WORK ITEM ::
Should a picture appear anywhere in the data, omit it and copy everything else exactly.

SUPPLIED MATERIAL ::
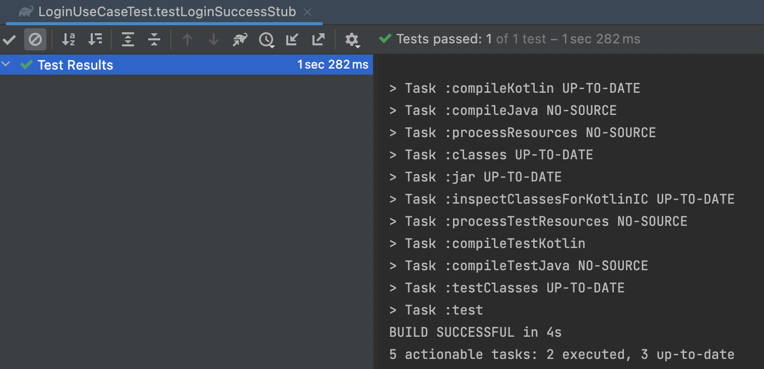 자 이제 해당 Stub을 이용해보자. loginUseCase.logIn(userName = "test", password = "test") 이 호출되면 이는 loginRepository로 login요청을 하고 LoginRepositoryResult.Success("test_token")를 반환받는다. 그리고 이는 LoginUseCaseResult.Success("test_token")로 변환되도록 위에서 설정되었다.
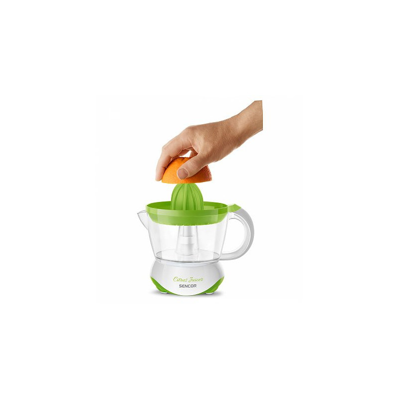 Kompaktiškas citrusų spaustuvas su 1,2 L talpykla ir nuimama minkštimo talpykla užtikrina patogų valymą ir tikslų sulčių išgavimą.
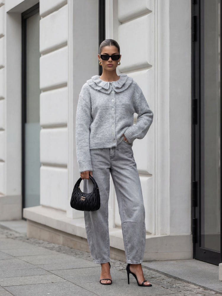 Sweter Virgil to krótki kardigan zapinany na guziki, dzięki czemu tworzy masę opcji do wystylizowania. Wykończenia zdobią subtelne ściągacze. Jego głównym akcentem jest ozdobny kołnierzyk, który nadaje mu niepowtarzalnego uroku. Produkt z importu.  Prezentacja produktu wykorzystuje wizualizacje AI.

ANSWER SPACE ::
 자 이제 해당 Stub을 이용해보자. loginUseCase.logIn(userName = "test", password = "test") 이 호출되면 이는 loginRepository로 login요청을 하고 LoginRepositoryResult.Success("test_token")를 반환받는다. 그리고 이는 LoginUseCaseResult.Success("test_token")로 변환되도록 위에서 설정되었다.
 Kompaktiškas citrusų spaustuvas su 1,2 L talpykla ir nuimama minkštimo talpykla užtikrina patogų valymą ir tikslų sulčių išgavimą.
 Sweter Virgil to krótki kardigan zapinany na guziki, dzięki czemu tworzy masę opcji do wystylizowania. Wykończenia zdobią subtelne ściągacze. Jego głównym akcentem jest ozdobny kołnierzyk, który nadaje mu niepowtarzalnego uroku. Produkt z importu.  Prezentacja produktu wykorzystuje wizualizacje AI.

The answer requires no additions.